A mite management concept has begun to creep into our language – IPM, Integrated Pest Management. IPM fits with the concept that it is not practical (impossible) to kill every last mite in our colonies (nor possible to keep them out) but rather we should seek to manage the mite population at a level that is minimally damaging. As we manage the honey bee population for gain, we need to incorporate and integrate mite management – an integrated control program.

The question beekeepers need ask is NOT does my colony(ies) have mites? but rather HOW MANY mites does my bee colony(ies) have? To determine how many means varroa mite monitoring, a crucial first step of an IPM management program. When we determine HOW MANY we become better informed bee colony stewards. HOW MANY helps us know the risk of doing nothing and helps us target seasonally appropriate control(s) to slow mite population growth with goal of keeping mite populations at less damaging, more tolerable levels.

One early (alternative) non-chemical mite control treatment was use of Screen Bottom Boards. With widespread adoption of screen bottom boards in place of solid boards, a whole industry developed incorporating mite monitoring sticky boards beneath the bottom screen (one example shown at right). There were attempts in Georgia, Washington State, and by myself in the Mid-Atlantic States, to determine how best to count fallen mites with a sticky board and how to interpret the numbers – a threshold was developed.

This threshold number has been modified as we have learned that mites vector and enhance viruses. Initially 50 mites per days was a threshold. The number has been lowered, initially to one per hour (24/day) and now one per every 2 hours the mite board is in use (12/day). If boards collect more mites the risk to the colony increases with higher mite fall.

Currently 79% of beekeepers responding to the PNW winter colony loss survey indicate they use a screen bottom board as a mite control technique. (see Screen Bottom Boards – a 4 year perspective  Report posted to www.pnwhoneybeesurvey.com). However after 4 years of survey data for Oregon and Washington small-scale beekeepers, a clear picture emerges that screen bottoms aren’t very useful in reducing mites:

The four year average – 41.3% winter loss level of those using SBB  vs 43.4% loss level for those not using SBB – represents a mere 5% gain (i.e. improved winter colony survival) with screen bottom boards.
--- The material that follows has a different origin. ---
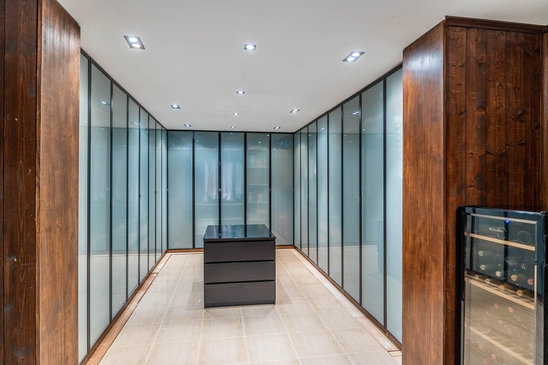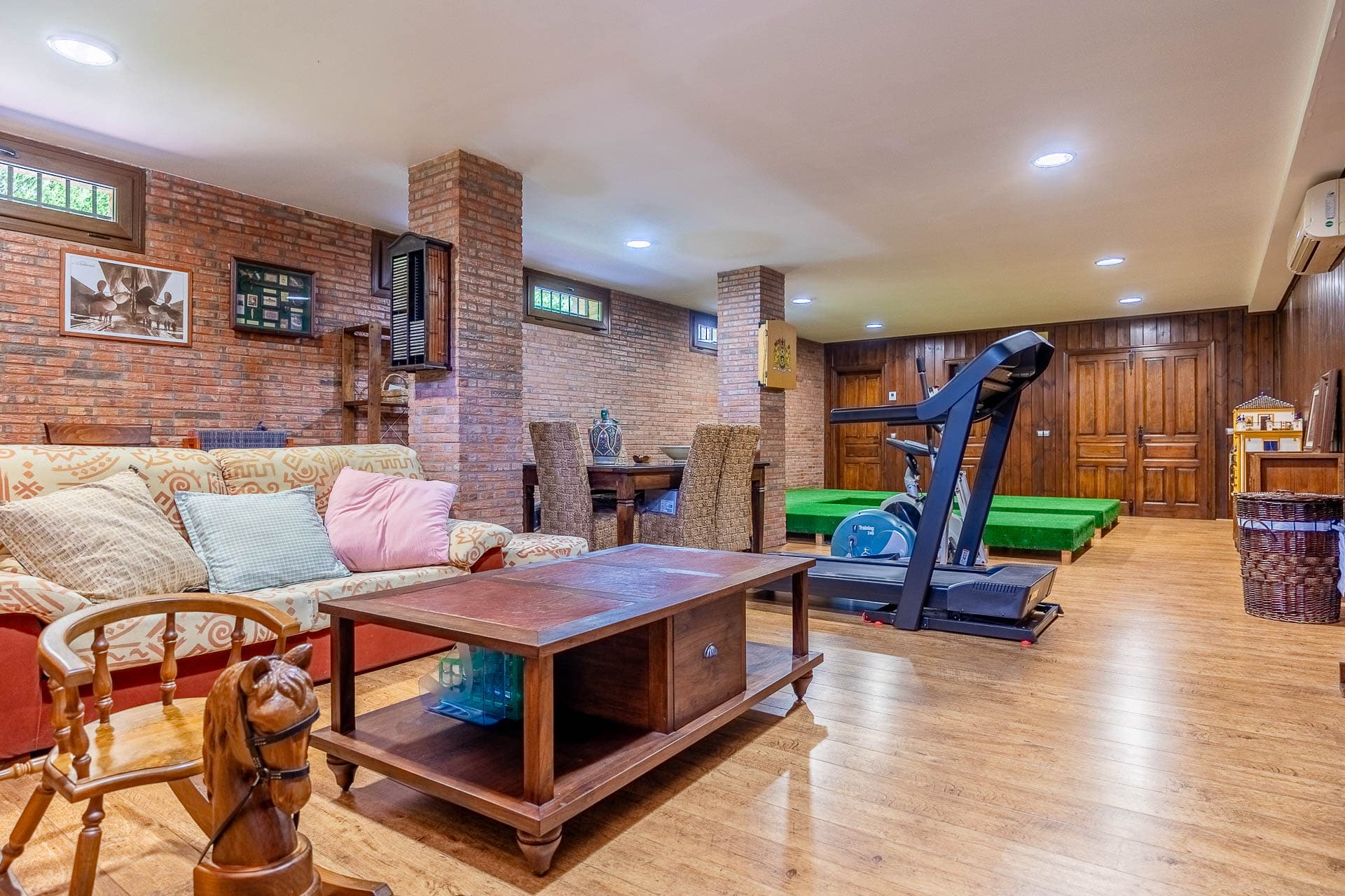 The basement has a garage for five vehicles and several motorcycles, a storage room, two dressing rooms of over twenty square meters each, and a spacious multi-purpose lounge with a toilet. Read more

A constant discussion has been should the colony bottom be left exposed during winter or should the screen be closed as a winterizing management? Closure was often achieved by using a mite monitoring board with the screen bottom. Four years of survey data tallying the always and sometimes left open response compared with the closed in winter response reveals:

10 percentage point difference in favor of closing the SBB over the winter period (i.e. less winter loss if the board is closed in the fall.)

How Best to monitor Mites

Beekeepers generally have available 5 methods to assess the mite population in their colonies. Sticky boards were initially considered a good tool to do whole colony mite number assessment. However there are problems in use of this tool. Foremost with sticky boards, when used to asses mite colony population, was and remains how to quickly and accurately count the mites on the boards. Mites are tiny, sticky boards collect lots of debris and ants and other scavengers may remove fallen mites.

Natural mite fall (i.e. mite drop not enhanced with use of a control), can vary a great deal for a variety of reasons. Size of colony makes for variation, time of season, degree of auto-grooming behavior by bees and also how the boards are inserted and how long they are left inside adds to more variation. Efforts to reduce counting by sampling only a portion of the drop proved impractical as a large portion of a sticky board still needs to be counted to obtain an accurate assessment.
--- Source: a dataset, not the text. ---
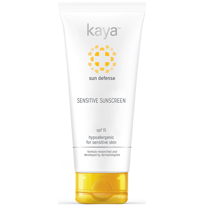 Kaya Sensitive Sunscreen SPF 15 Kaya Sensitive Sunscreen SPF 15 is a perfume-free sunscreen that is specially formulated for sensitive skin. It protects the skin from harmful UVA-UVB rays and prevents sunburn as well as skin ageing due to sun exposure. This lightweight formula hydrates the skin and spreads easily giving a matte finish.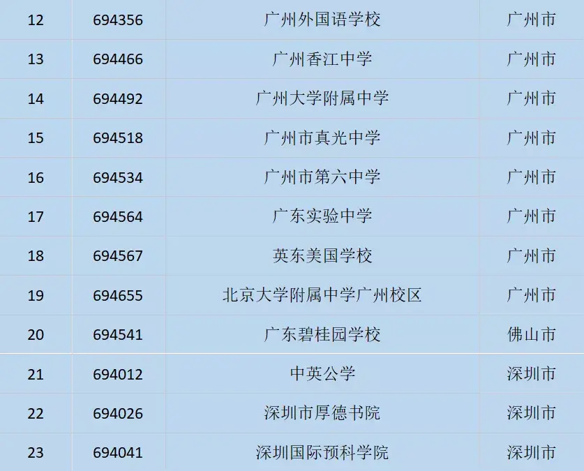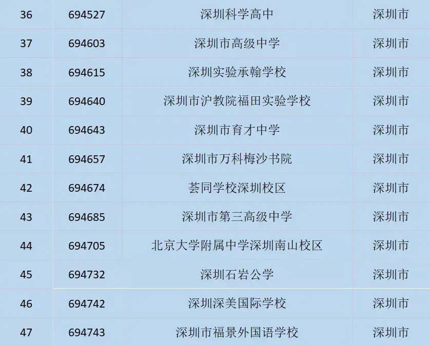 以下是2022年能参加AP考试的广深地区最新通过College Board认证的AP学校列表,共47所,其中广佛20所,深圳27所。

Sticky bottom boards are useful in providing a quick ‘snapshot’ as to whether there are few or many mites in a colony. It can help validate the effectiveness of a control that was used if utilized post-treatment. They are not adequate to provide a precise estimate of mite population without accurate, time-consuming counting and multiple, repeated sampling.

BOTTOM LINE: Screen Bottom Boards are not an effective mite monitoring method

More problematic as monitoring tool is using a visual method of counting number of mites. This is used for colony worker adults or number of mites within drone brood cells. The phoretic mites, (i.e. those on the adults), are highly mobile and some of the mites are deeply embedded between body segments to enable them to feed on adult hemolymph and fat body. Their deep reddish color and compact flattened body means they blend into the adult color patterns.

The counting of reproductive mites within drone cells has proved to be highly variable. The reproductive female mites are easier to see on the white drone pupae (compared to adult bodies) and sampling of drone pupae within capped cells with use of a cappings scratcher is easy. However numbers are not easily correlated to the actual population level within the colony.  One serious drawback with this method is during the fall months, when mite population assessment is most critical, there are often no or few capped drone brood cells available to assess.

BOTTOM LINE: Visual mite monitoring methods are not effective enough

Thus today we believe counting of the mites on the adults by washing the adults to remove their mites (the feeding mites as well as those ‘riding’ the adult) to be the “best” method. Our two recommended methods are the use of powdered sugar or using alcohol (or a non-sudsing soap). Use of powder sugar allows return of adult bees back into their colony whereas the alcohol/soap kills the sampled bees. See Tools for Varroa Guide on website www.honeybeehealthcoalition.org

Generally a sample size of 300 adults, collected from a brood frame, is recommended. The adult bees can be collected directly into a wide-mouthed sampling jar, previously marked (by sample counting) to indicate 300 bees or the brood frame can be shook into a bucket or plastic container and a ½ cup size measuring cup filled with the bees to dump into the sampling jar. The solid lid of the sample jar is replaced by a 5-mesh screen.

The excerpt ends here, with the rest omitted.